ACTION ITEM
The records below are to be copied exactly, with every picture left out.

DATA EXCERPTS
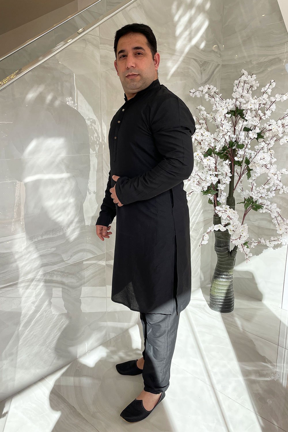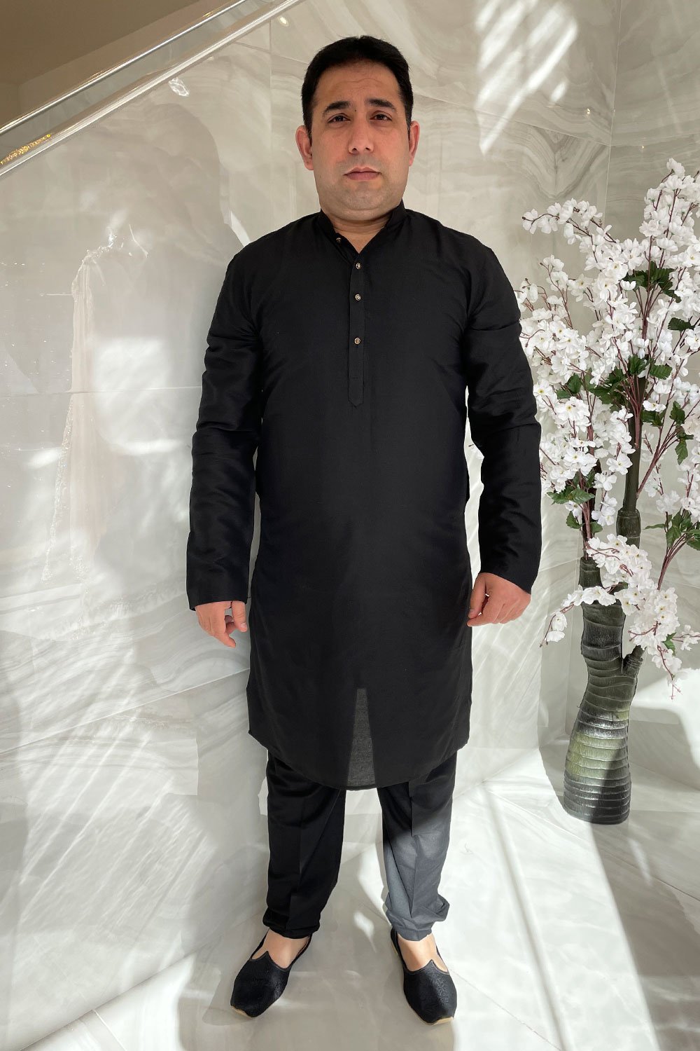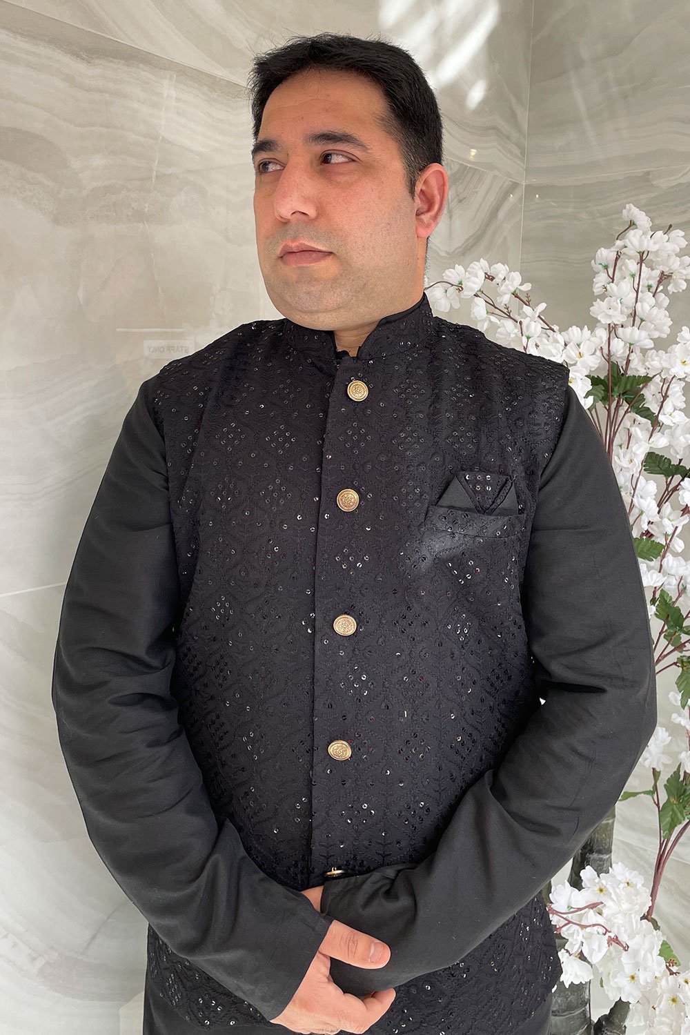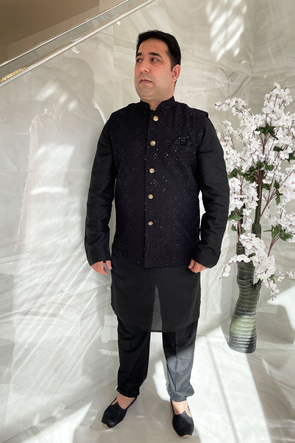 This beautiful 3 piece men’s suit features a straight shirt with button embellishments on the front and it comes with plain trousers, The look is finished with a luxury sequence embroidered waistcoat with button embellishments along the middle.
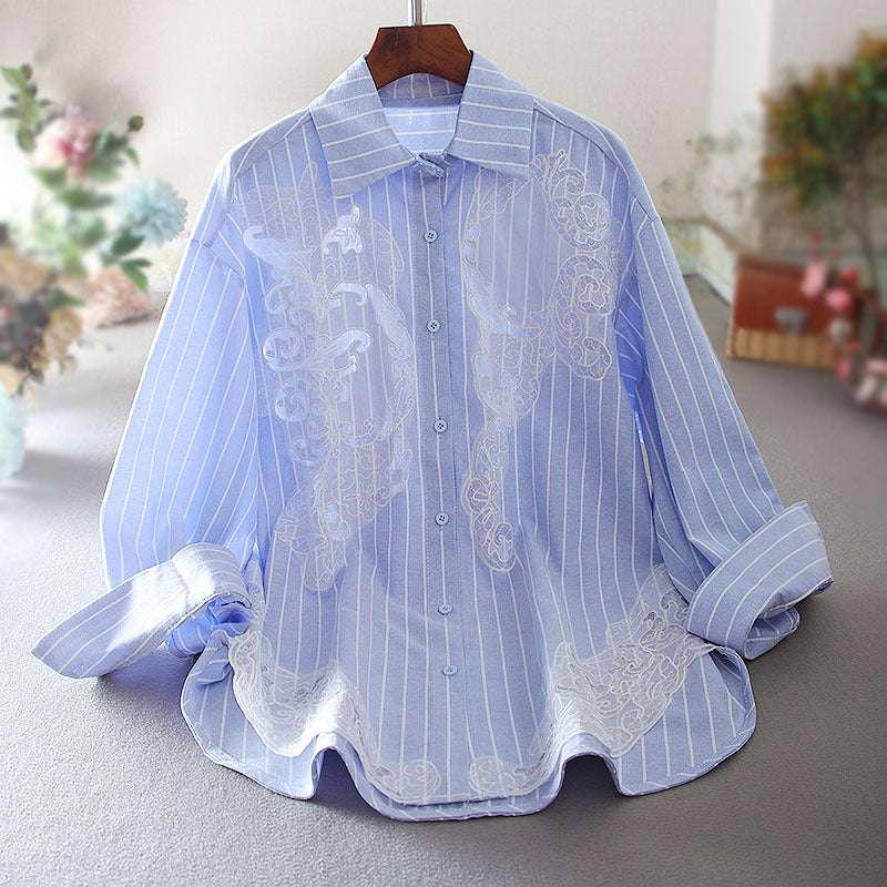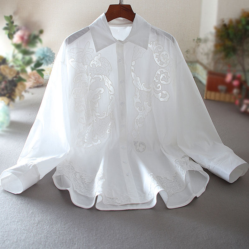 Women Top Long Sleeve Oversized Hollow Mesh Embroidered
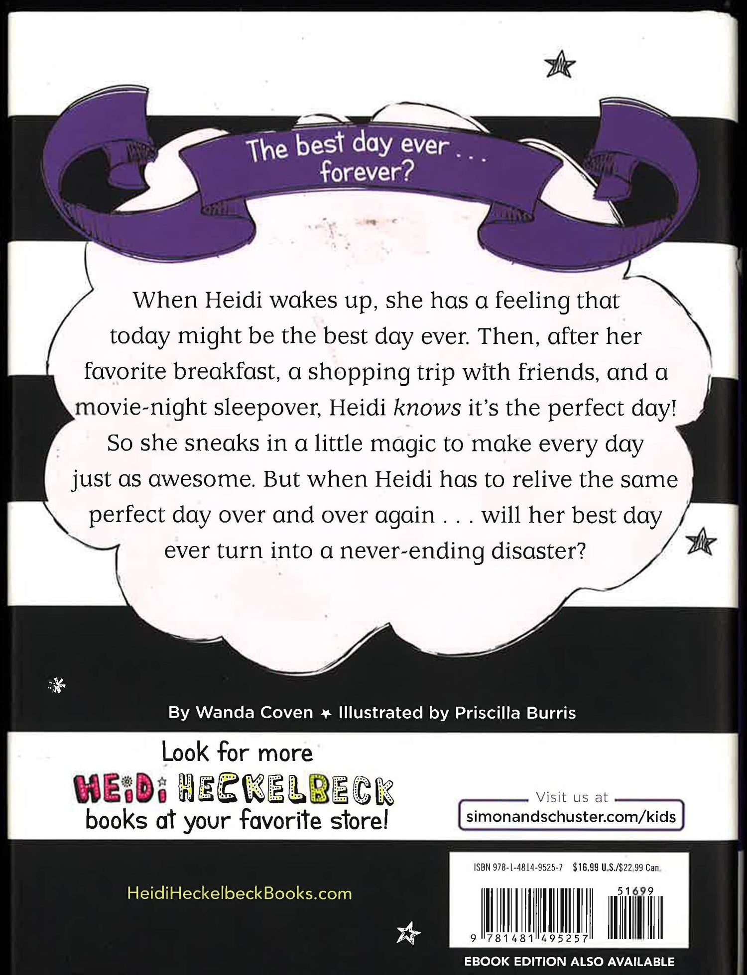 Heidi wishes her perfect day would never end in the twenty-first Heidi Heckelbeck adventure! When Heidi wakes up to a bird singing at her window, she has a feeling that this Saturday might be the best day ever. Then, after her favorite breakfast, a shopping trip with friends, and an incredible movie night sleepover, Heidi knows it's better than the best day. It's the perfect day! In fact, it's so good that Heidi sneaks in a little magic to make every day just as awesome. But when she wakes up to relive the same perfect day over and over again...will her best day ever turn into a never-ending disaster? With easy-to-read language and illustrations on almost every page, the Heidi Heckelbeck chapter books are perfect for beginning readers. *This book may have remainder mark.
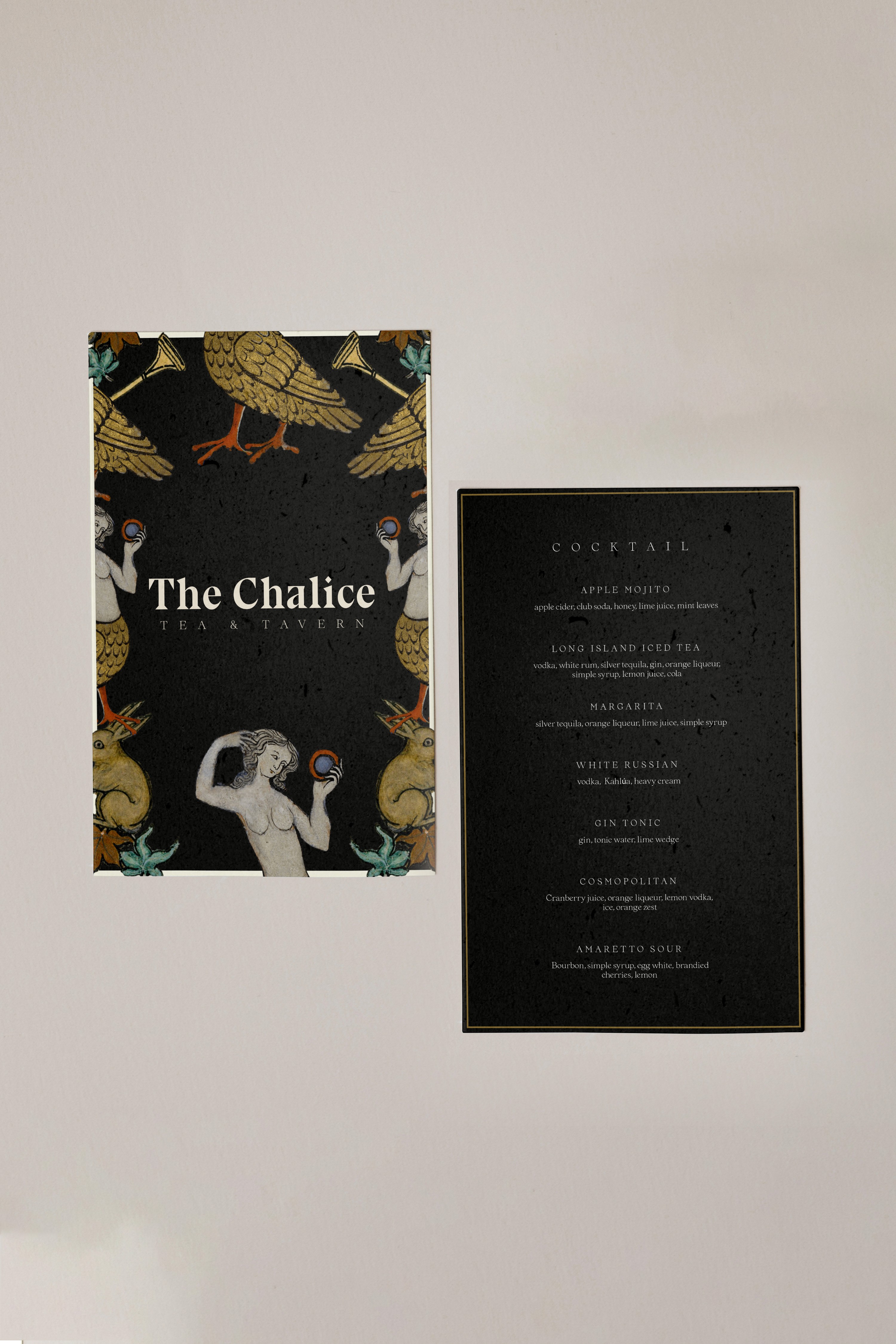 The Chalice is a modern tea bar and restaurant that blends sleek, contemporary design with rich medieval inspiration. The brand’s identity centers around a streamlined chalice icon, a modern nod to medieval glassware that ties the concept together. It’s a bold blend of past and present, designed to feel both quaint and elevated.
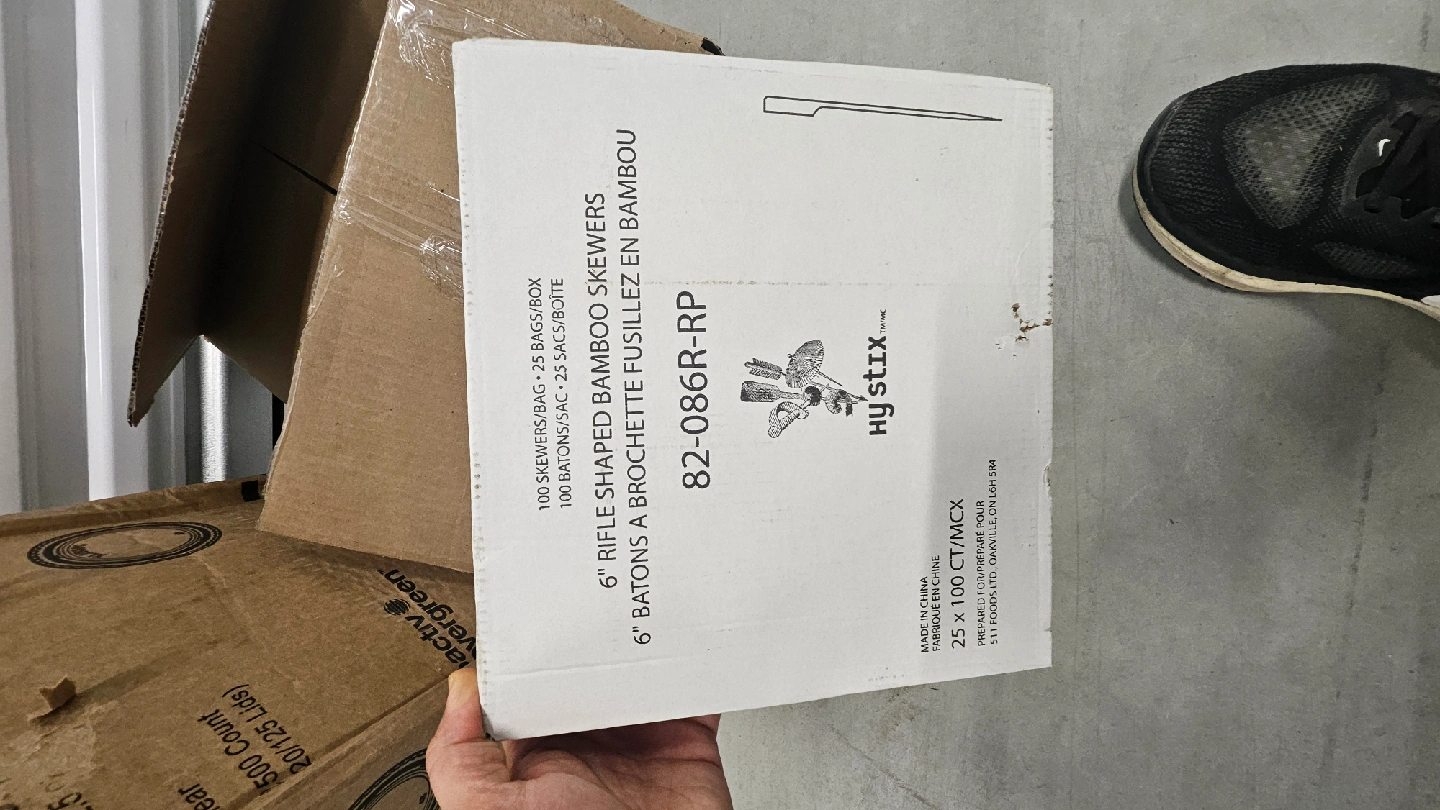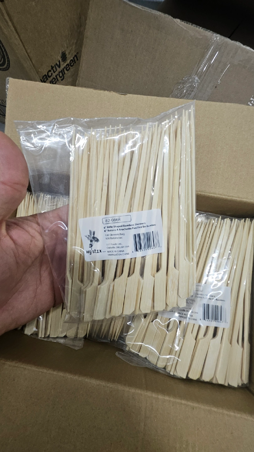 I'm selling Hy Stix 6" rifle shaped bamboo skewers. They come in a bag of 100 skewers, and there are 25 bags in a box. They're great for appetizers or barbequeing.
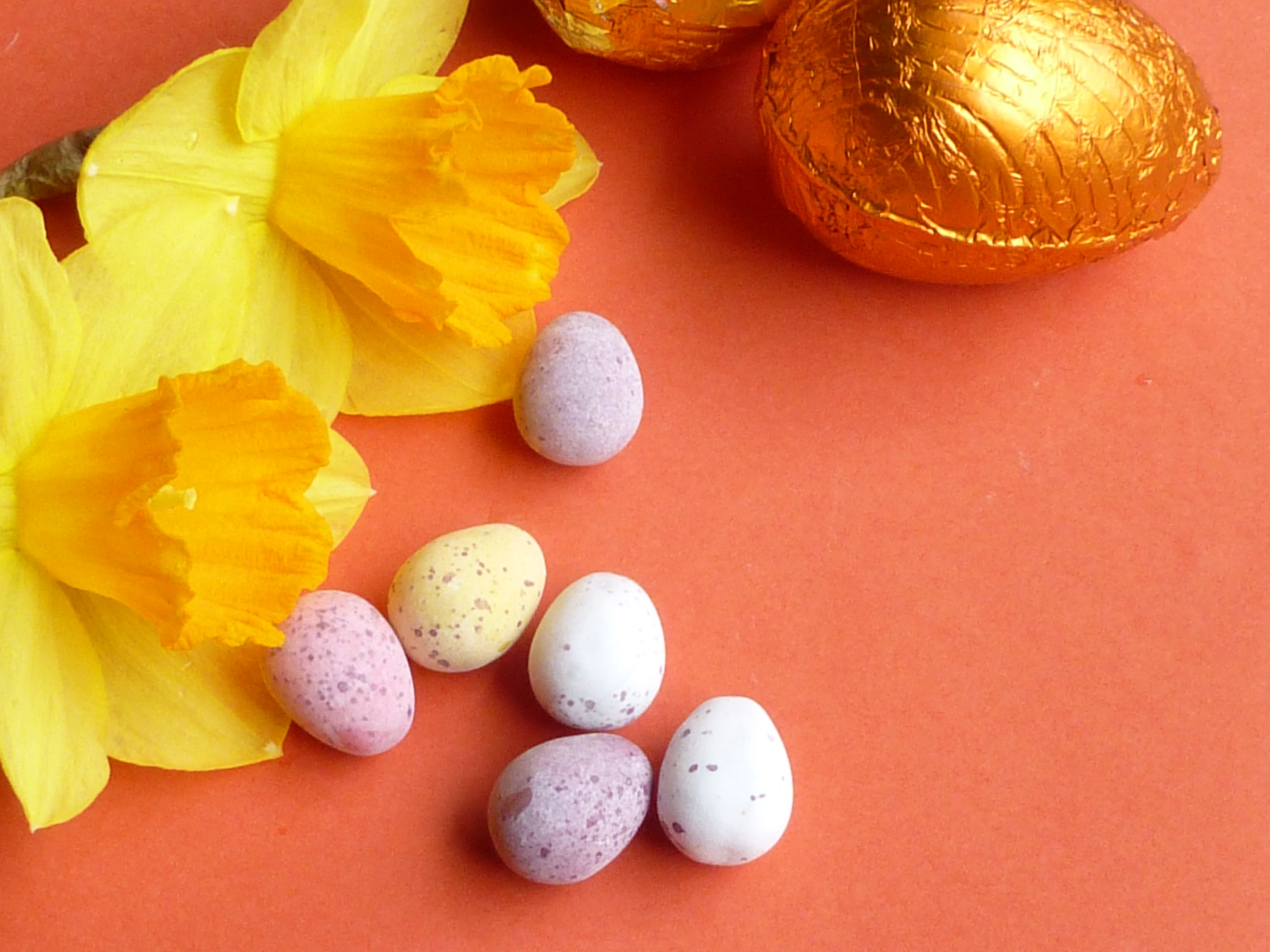 Mini sugar-coated Easter eggs with daffodils and a foil wrapped chocolate egg on an orange background with copy space for a holiday message
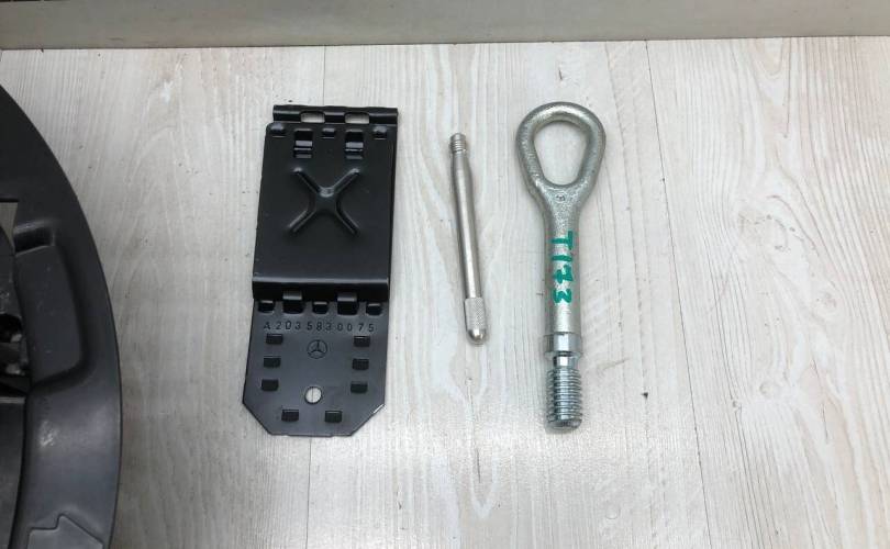 Ящик с инструментами ниша держатель дорожных инструментов центрирующий палец шпилька противооткат буксировочный крюк скоба проушина ухо буксировки Mercedes W203 Мерседес
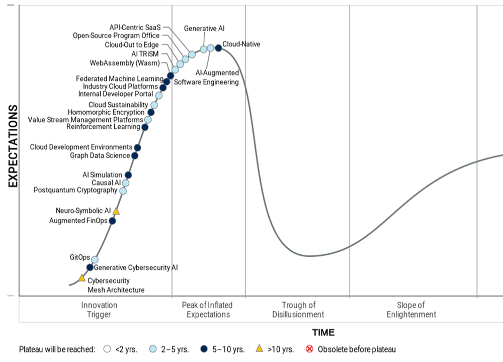 米ガートナー「先進テクノロジーのハイプサイクル2023年」を発表。GitOpsは黎明期、生成的AIとクラウドネイティブは過度な期待のピーク
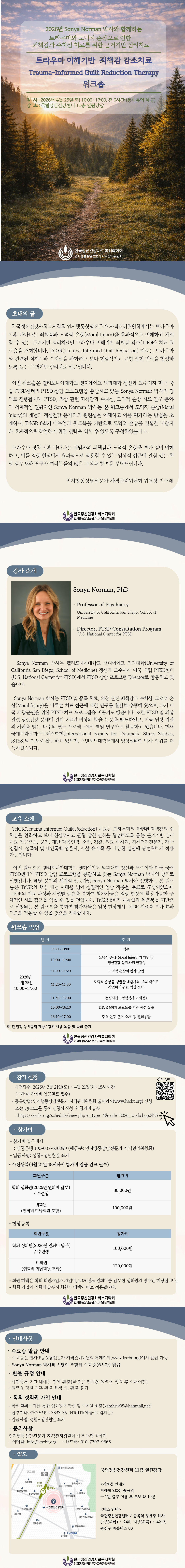 트라우마 이해기반 죄책감 감소치료(TrIGR) 워크숍을 아래와 같이 운영할 예정입니다.

EXPECTED ANSWER
 This beautiful 3 piece men’s suit features a straight shirt with button embellishments on the front and it comes with plain trousers, The look is finished with a luxury sequence embroidered waistcoat with button embellishments along the middle.
 Women Top Long Sleeve Oversized Hollow Mesh Embroidered
 Heidi wishes her perfect day would never end in the twenty-first Heidi Heckelbeck adventure! When Heidi wakes up to a bird singing at her window, she has a feeling that this Saturday might be the best day ever. Then, after her favorite breakfast, a shopping trip with friends, and an incredible movie night sleepover, Heidi knows it's better than the best day. It's the perfect day! In fact, it's so good that Heidi sneaks in a little magic to make every day just as awesome. But when she wakes up to relive the same perfect day over and over again...will her best day ever turn into a never-ending disaster? With easy-to-read language and illustrations on almost every page, the Heidi Heckelbeck chapter books are perfect for beginning readers. *This book may have remainder mark.
 The Chalice is a modern tea bar and restaurant that blends sleek, contemporary design with rich medieval inspiration. The brand’s identity centers around a streamlined chalice icon, a modern nod to medieval glassware that ties the concept together. It’s a bold blend of past and present, designed to feel both quaint and elevated.
 I'm selling Hy Stix 6" rifle shaped bamboo skewers. They come in a bag of 100 skewers, and there are 25 bags in a box. They're great for appetizers or barbequeing.
 Mini sugar-coated Easter eggs with daffodils and a foil wrapped chocolate egg on an orange background with copy space for a holiday message
 Ящик с инструментами ниша держатель дорожных инструментов центрирующий палец шпилька противооткат буксировочный крюк скоба проушина ухо буксировки Mercedes W203 Мерседес
 米ガートナー「先進テクノロジーのハイプサイクル2023年」を発表。GitOpsは黎明期、生成的AIとクラウドネイティブは過度な期待のピーク
 트라우마 이해기반 죄책감 감소치료(TrIGR) 워크숍을 아래와 같이 운영할 예정입니다.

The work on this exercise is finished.